Volume-Price Relationship
Volume surged during the mid-July decline (peaking at 8.39M shares on July 18) and again during the early-August rebound (2.41M on August 8), validating the momentum in both directions. Recent gains occurred on moderate volume (1.52M–2.47M), slightly below the three-month average. This divergence raises sustainability concerns; a breakout above 299 requires volume expansion to confirm conviction. The volume-weighted average price (VWAP) near 290 provides secondary support.

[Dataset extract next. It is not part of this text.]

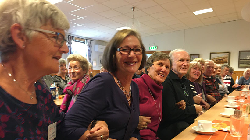 Vår egen Gun Magnusson-Särndahl kåserade på ett humoristiskt och tänkvärt sätt om historiska händelser som skett sen 1940-talet. Hon påpekade, trots att vi upplevt mycket, har vi tid kvar att njuta av kultur, kurser, goda vänner och god mat. Gun slutade med att citera Laleh – En stund på jorden, jag var där, en stund på jorden.

Relative Strength Index (RSI)
The 14-day RSI has rebounded from oversold (27.6 on August 1) to neutral (54.2 currently), reflecting improving momentum without immediate overbought risks. This aligns with the bullish KDJ reading and suggests room for upside before reaching the 70 threshold. The absence of bearish RSI divergence reinforces the recovery but warrants caution, as readings below 50 have preceded reversals during the year-long downtrend.
Fibonacci Retracement
Applying Fibonacci levels to the July 16 high (344.55) and August 1 low (274.66) reveals key retracement zones: 23.6% (291.15), 38.2% (301.36), and 50% (309.60). The price recently reclaimed the 23.6% level (291.15), now acting as support. The 38.2% level (301.36) converges tightly with the 50-day MA and July 24 swing high (302.45), creating a high-probability resistance cluster near 301–302. A decisive close above this zone could catalyze momentum toward 310.
Confluence and Divergence
Confluence is notable at 301–302, where the 38.2% Fibonacci level, 50-day MA, and July swing high align, making this a make-or-break resistance. Success here could trigger a rally toward 310–315. Conversely, failure may retest 290 support. Divergences are minimal, with price and oscillators (RSI, KDJ, MACD) moving in harmony. The only concern is volume, which hasn’t robustly confirmed the latest gains. Overall, short-term momentum favors upside, but the 301–302 resistance and volume caution necessitate vigilance.